BDT yani Bilişsel Davranışçı Terapi, Bilişsel terapiler ve Davranışsal terapilerin birleştirilerek oluşturulduğu terapi ekolüdür.
1980’li yıllarda İngiltere’de kuramcılar davranışların geçmişten edindiğimiz bilgiler ile ilişkili olabileceği düşüncesini savunmuşlardır. Ve bu düşünce etrafında şekillenen bir terapi ekolü oluşturmuşlardır.
BDT bireyin yalnızca davranışlarına ya da yalnızca düşüncelerine odaklanmaz. Düşüncelerinden etkilenerek şekillendirdiği davranışlarına odaklanır.
Kişinin düşünce kalıplarında değişiklikler yapılarak, davranış değişiklikleri sağlanabileceği ve hatta yeni davranışlar oluşturulabileceği öne sürülür.
BDT’ye göre düşünce, duygu ve davranışlarımız bir bütündür. Etkileşim halindedir. Bir olaya ilişkin düşüncemiz duygularımızın, duygularımız davranışlarımızın etkileyicisidir.

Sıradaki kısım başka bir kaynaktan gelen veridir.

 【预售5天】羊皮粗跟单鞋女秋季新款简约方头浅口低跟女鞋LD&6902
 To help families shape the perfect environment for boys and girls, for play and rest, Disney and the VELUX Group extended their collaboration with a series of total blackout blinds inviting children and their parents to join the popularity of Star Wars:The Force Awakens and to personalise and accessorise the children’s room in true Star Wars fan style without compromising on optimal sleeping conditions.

Burada olaya ilişkin düşüncelerimiz (otomatik düşünce şeklinde ifade edilir) değiştirildiğinde duygu ve davranış değişikliği kendiliğinden gelecektir.
Depresyon başta olmak üzere, özgül fobi, sosyal fobi, TSSB, uyku bozuklukları, cinsel işlev bozuklukları, yeme bozuklukları gibi birçok sorun üzerinde etkinliği kanıtlanmış bir psikoterapi ekolü olarak bilinir.

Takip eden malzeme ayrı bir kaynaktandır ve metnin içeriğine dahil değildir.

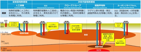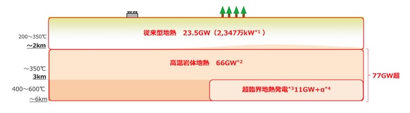 従来型地熱発電23.5GWの国内開発ポテンシャルに加え、次世代型地熱では77GW以上のポテンシャルが期待されており、国内外でさまざまなタイプの技術開発が進められている。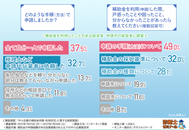 しかし、補助金申請に戸惑うという方も少なくはなく、また、数多く存在する補助金制度を十分に活用しきれていない可能性もあることも分かりました。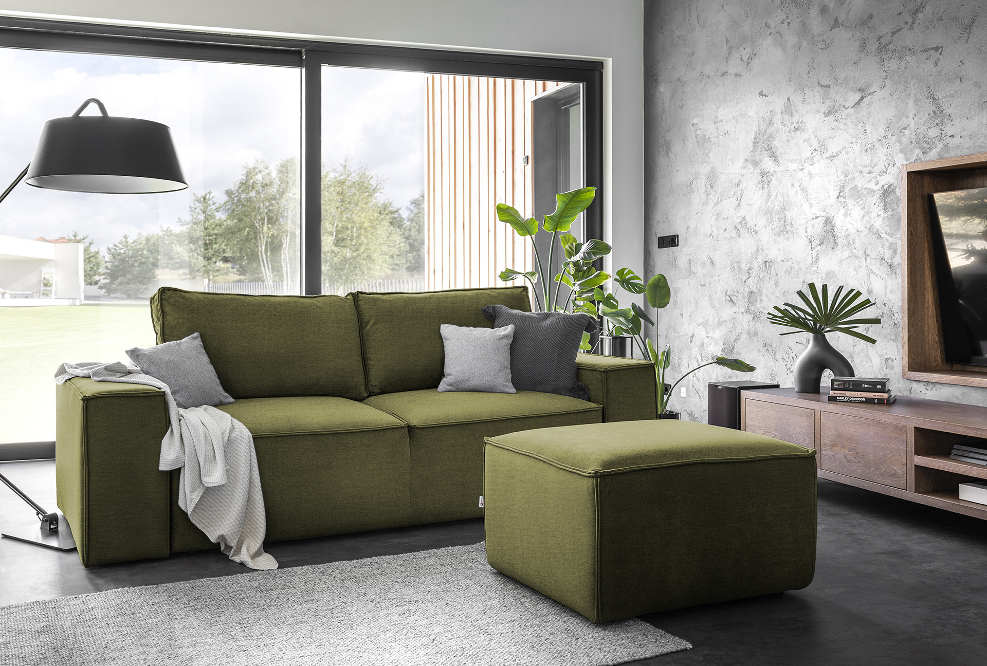 Pohovka Silla v provedení Nube 33 má sedáky vyplněné HR pěnou a zádové polštáře pěnou T25. Rozkladem vznikne ložná plocha 200x145 cm.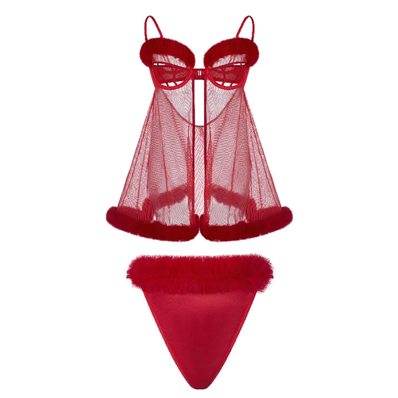 Wholesale New Women's Sexy High-Rise Lingerie Pajamas Lace Bra Brief Set Underwire Support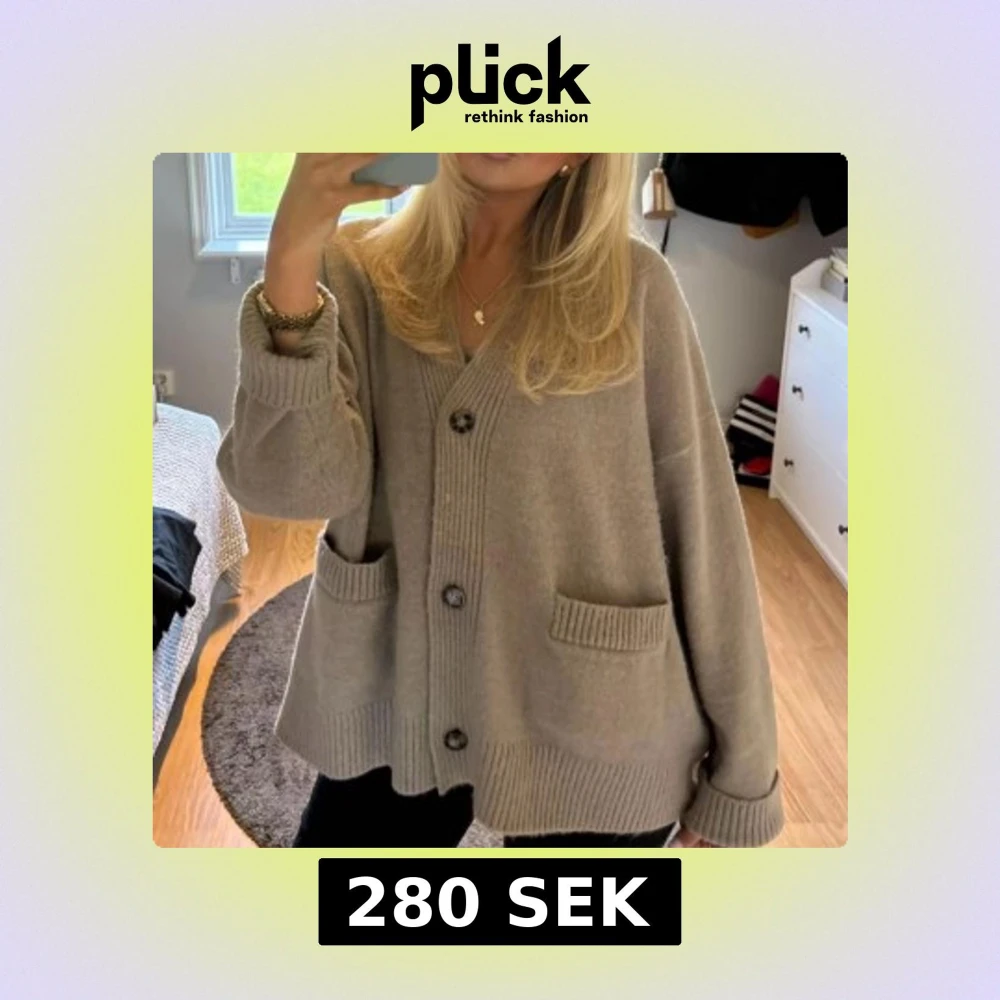 Mysig beige kofta med stora knappar och två fickor framtill. Den har en loose passform och långa ärmar, perfekt för kyliga dagar. Ribbstickade detaljer vid ärmslut och nederkant.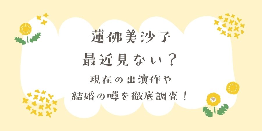 蓮佛美沙子を最近見ない?現在の出演作や結婚の噂を徹底調査!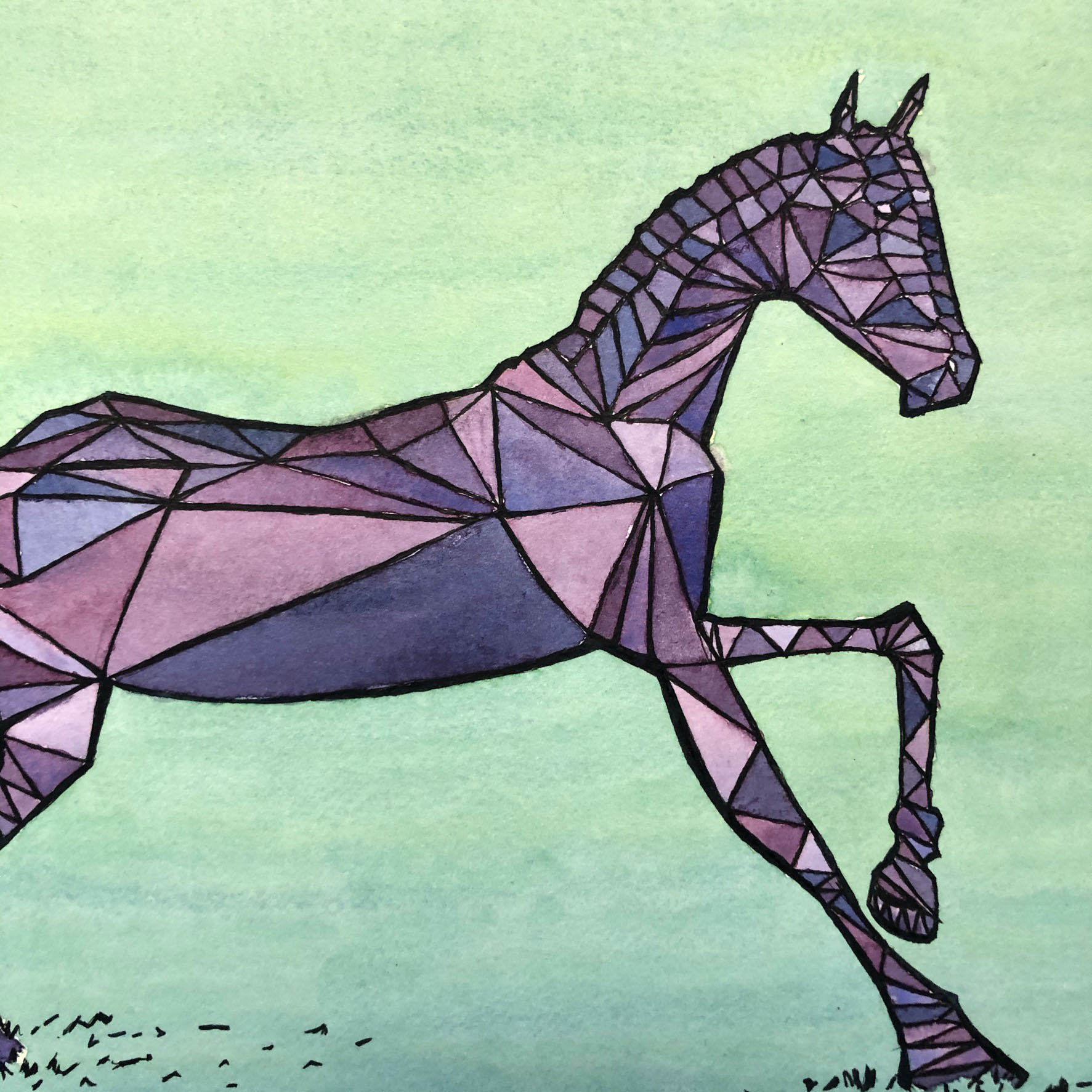 This amethyst horse is one of the five cardinal gemstones whose colors are ruby, emerald, sapphire, diamond, and amethyst. It is a unique aquarelle that represents a universal concept of wealth.

Bilişsel Davranışçı Terapi; duygu, düşünce ve davranışı bir yapbozu oluşturan parçalar olarak ayrıntılandırır. Tek tek parçaları inceleyerek yapbozun nasıl oluştuğu ve şekillendiğini keşfetme yöntemidir.

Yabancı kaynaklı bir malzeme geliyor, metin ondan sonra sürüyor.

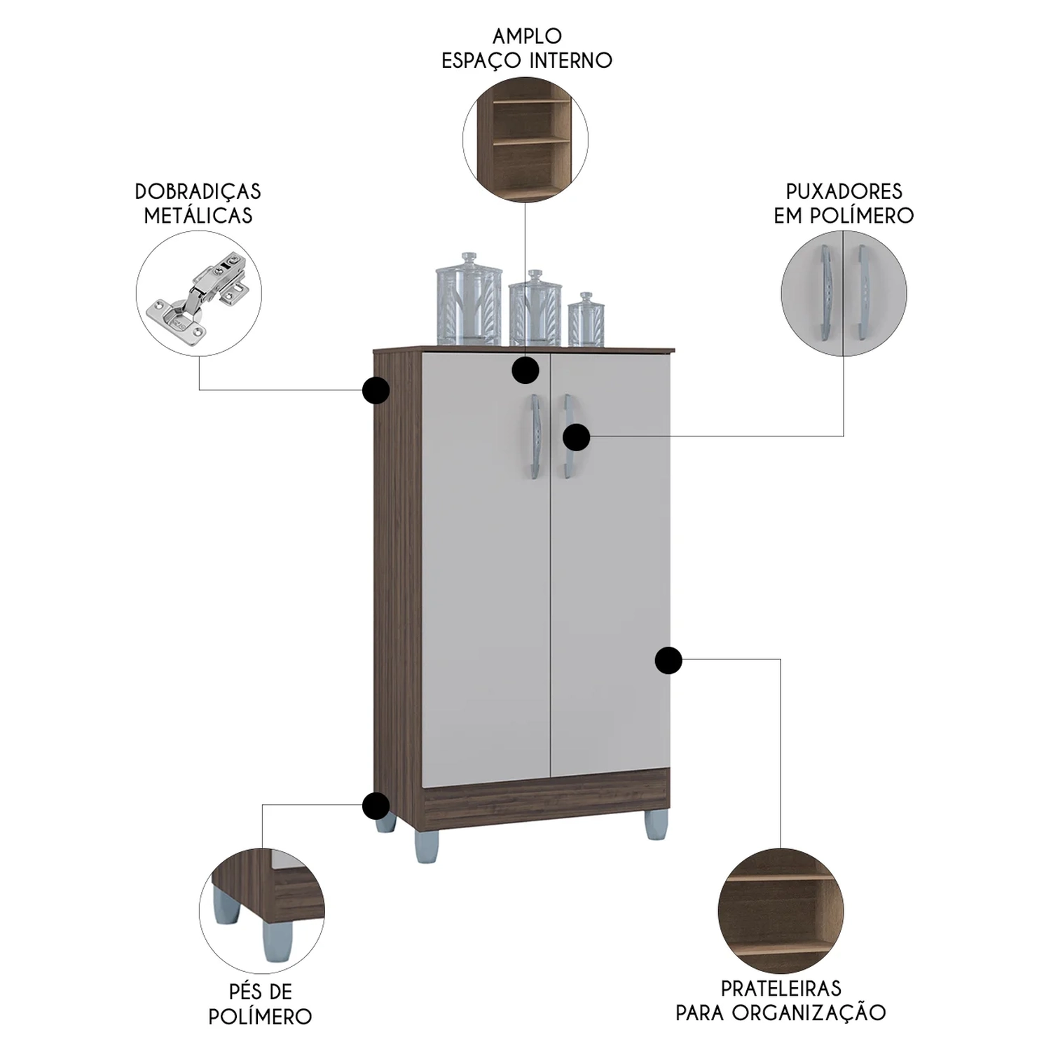 Este armário multiuso vai adicionar um toque de elegância e estilo à sua cozinha, Sala de Estar, Escritório sem comprometer a estética do ambiente. Fabricado em MDP, ele oferece a durabilidade e a resistência que você precisa para o uso diário. As portas contam com dobradiças metálicas de alta qualidade, garantindo um fechamento suave e seguro. Os puxadores de plástico são projetados para complementar o design moderno do Armário Multiuso, enquanto os pés de plástico cinza adicionam um toque especial e asseguram uma boa estabilidade. O acabamento em pintura UV não só protege o armário multiuso contra o desgaste, mas também proporciona um brilho discreto que realça a beleza do móvel. Com duas prateleiras internas, ele oferece um bom espaço de armazenamento, permitindo que você organize seus itens também em lavanderia ou até mesmo em sua Cozinha de maneira eficiente e pratica. A praticidade e qualidade se encontram neste móvel indispensável.

Çocuk/ergenlerde BDT’de ebeveynle birlikte çalışılarak, davranışı oluşturan parçalara yönelik farkındalık kazanmak ve resmin bütününü anlamak asıl amaçtır.
Ebeveynin sürece dahil olması oldukça önemlidir. Henüz yetişkin olamayan çocuk/ergen bireyin aileyi rol model alması beklenir. Bu sebeple ailenin tutum ve davranışına yönelik değişiklikler çocuk/ergen tarafından izlenip, sorunlu davranışa yönelik değişikliğe gidilmesini sağlayabilir.
Ebeveyn süreçte davranış değişikliğine giden çocuğa somut da ya soyut pekiştireçler verebilir. (Tuvaletini söyleyen çocuğa gülen yüz yapıştırması vermek, aferin demek)
Bu yüzden yetişkin öncesi yaş grubu ile çalışılırken, ebeveyn ve çocuk/ergen birlikte bu yöntemleri öğrenip, aile ortamında sürekli olarak hayata geçirebilir.
Bu yöntemle akran zorbalığı, yıkıcı duygu durum bozuklukları, fobiler, uyum sorunları, öfke sorunları, OKB, duygusal sorunlar, ilişkisel sorunlar ve travma gibi pek çok konu çözüme kavuşabilir.